Converting RTF to plain text using Talend 4.0.0

One Star

Converting RTF to plain text using Talend 4.0.0

Hi,
I have a requirement of converting data stored in RTF format to plain text using Talend 4.0.0. The source may be both SQL Server 2005 and Oracle 10g. Target database is SQL Server 2005. The data stored in the source database is of text datatype and is as follows:
{\rtf1\ansi\deff0\deftab720{\fonttbl{\f0\fswiss MS Sans Serif;}{\f1\froman\fcharset2 Symbol;}{\f2\fswiss MS Sans Serif;}} {\colortbl\red0\green0\blue0;} \deflang4105\pard\plain\f2\fs17 Sections 1.22 and 17 \par The Tenant is to pay a fixed rate for CAM, initially to be $10.40 psf per annum for the calendar year 2001, to be increased each subsequent year by 5% per annum. \par \par Section 17 \par CAM costs shall include the cost of equipping, policing, protecting, lighting, cleaning, maintenance, management, operation, repair and replacement of the Common Areas. \par \par Section 49 \par Tenant has the right to object within one year, otherwise any statement, invoice or billing shall be presumed correst and Tenant must pay. \par \par }
I have to extract only the text part from it as output:
Sections 1.22 and 17
The Tenant is to pay a fixed rate for CAM, initially to be $10.40 psf per annum for the calendar year 2001, to be increased each subsequent year by 5% per annum.
Section 17
CAM costs shall include the cost of equipping, policing, protecting, lighting, cleaning, maintenance, management, operation, repair and replacement of the Common Areas.
Section 49
Tenant has the right to object within one year, otherwise any statement, invoice or billing shall be presumed correst and Tenant must pay.
Is there any component that I can use, or maybe a piece of java code that works on 4.0.0 version of Talend? Please help!
Community Manager

Re: Converting RTF to plain text using Talend 4.0.0

Hello
Read the source records as a string, and then use tExtractRegexField to extract fields with regex. eg:
tMssqlInput--row1--tExtractRegexField --tMssqlOutput
Best regards
Shong
----------------------------------------------------------
Talend | Data Agility for Modern Business
One Star

Re: Converting RTF to plain text using Talend 4.0.0

Hi , i am stuck with the same problem, can you please expalin how can we use the textractRegex component, what should be the regex pattern string?
One Star

Re: Converting RTF to plain text using Talend 4.0.0

Hi, please update, what should be the REGEX string , i tried a few stings from the web, but they are not foolproof and fails for a few input rtf strings.
(reference: https://tinyurl.com/rtf-txt)
Community Manager

Re: Converting RTF to plain text using Talend 4.0.0

Hi Shree
First of all, I would suggest you to learn the basic usage of tExtractRegexField component.
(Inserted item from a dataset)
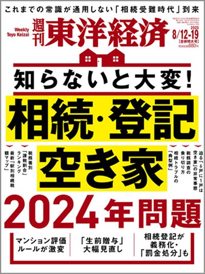 2024年から相続や登記・空き家のルールが激変。1月からは「生前贈与制度」が変更、4月には「相続登記の申請義務化」が始まる。そしてマンション相続税評価額の新算定ルールも導入予定だ。『週刊東洋経済』の8月7日(月)発売号(8月12・19合併号)では、「相続・登記・空き家 2024年問題」を特集。そうした相続関連の2024年問題とその対応策を解説していく。
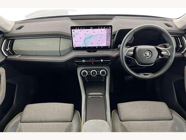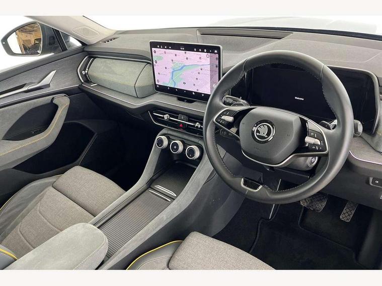 13" satellite navigation touchscreen display, Blind spot detection with door exit warning, Bluetooth system, ChatGPT functionality, Driver alert - Fatigue and drowsiness monitor, Dry display cleaner, Emergency call, Front and rear parking sensors, Front cross traffic assist, Lane assist, PAS, Rear traffic assist, Rear view camera, Tailgate unlocking from outside, Traffic sign recognition, USB C Port x 2 in front centre console, Virtual Cockpit - 10.25" digital display, Voice control system, Wireless charging for two smartphones (15W) with cooling function, Wireless SmartLink for Apple CarPlay and Android Auto, Stop/start function, 2x USB-C in the rear, 8 Speakers, DAB Digital radio, Aero front windscreen wipers with intermittent function, All weather light, Auto dimming rear view mirror, Black wheel arch surrounds, Body colour bumpers, Body colour door mirrors and handles, Cornering light and poor weather light, Electric folding /adjustable/separted heated/folding door mirrors, auto dimming with boarding sports and memory function, Electric front and rear windows, Exterior black decorative trims, Heat insulating glass in windshield, Heated rear window, Ice scraper in fuel tank cap, Invisible tailpipe, LED daytime running lights, LED front fog lamps, LED Headlights, LED rear fog light, LED rear lights, LED third brake light in rear spoiler, Light assistant with automatic headlight control and coming home feature, Logo projection in door mirrors, Rear roof spoiler, Rear side wing doors, Rear window wiper, Safety reflectors on front and rear doors, Unique dark chrome design logo on alloy wheels, Window control switches with black trim, Windscreen wipers with rain sensor, Without engine designation, 1.5l bottle holder points in all door, 1x centre rear reading light, 2 seat bench in 3rd row, 3 configurable smart dials with 32mm coloured display, 3 seat bench in 2nd row, 4 foldable roof handles with rear coat hooks, Ambient interior lighting - Dashboard, front-door stowage compartments, front and rear door panels and footwell lighting, Automatic gear selector on steering column, Chrome interior door handles, Driver/front passenger reading lights, Fabric headlining, Fixed bench 40:60:40 split folding backrests, Front and rear floor mats, Front centre armrest with jumbo box storage compartment, cup holder and 12V socket, Height adjustable front headrests, Isofix child seat fittings in outer middle row rear seats and front passenger with top tether, Manual height adjustment for front passenger seats and thigh support extender, Manual lumbar support for front passenger seat, Manually adjustable steering column, Pollen filter, Rear centre armrest with cupholders, Rear seat boot backrest release, Single front passenger seat, Skoda lettering on steering wheel, Storage pocket including mobile phone pockets on the backs of the front seats, Sunvisors with illuminated vanity mirrors, Three rear height adjustable headrests, Ticket holder on A Pillar, Tri zone climate control, Umbrella in door panel x1 made from sustainable materials, Upper and lower glovebox with card holder and coin compartment, USB C port by rear view mirror for charging only (15W), Variable boot floor, Auto door release and activation of warning lights in the event of an accident, Driver and front passenger airbag with knee airbag and front passenger airbag deactivation, Electric child locks, Electronic parking brake, ESC (incl. ABS+EMD+MSR+ASR+EDL+HBA+DSR+RBS+ESBS+MCB+TSA+XDS), Front assist with braking reaction to vehicles, pedestrians and cyclists, Front disc brakes, Fuel cut off safety device, Height adjustable front 3 point seatbelts + pretensioners, Hill hold assist, Junction assist with automatic emergency braking, Rear disc brakes, Safety vest holder in door, Seat belt reminder for all seats, Three point rear seat belts, Two tone horn, Tyre pressure monitor, Alarm with interior monitoring and tilt sensor with safe function, Anti-theft wheel bolts, Immobiliser, Remote central locking with 2 keys, Breakdown kit, Tool kit,

If you have trouble to extract the value with regex from the input string, please give us an example of your data, and what are your expected output?
Shong
----------------------------------------------------------
Talend | Data Agility for Modern Business
One Star

Re: Converting RTF to plain text using Talend 4.0.0

Hi all,
I am looking for the regex also in order to convert string RTF to string plain text with tExtractRgexFields. Did you find it?
Thank you,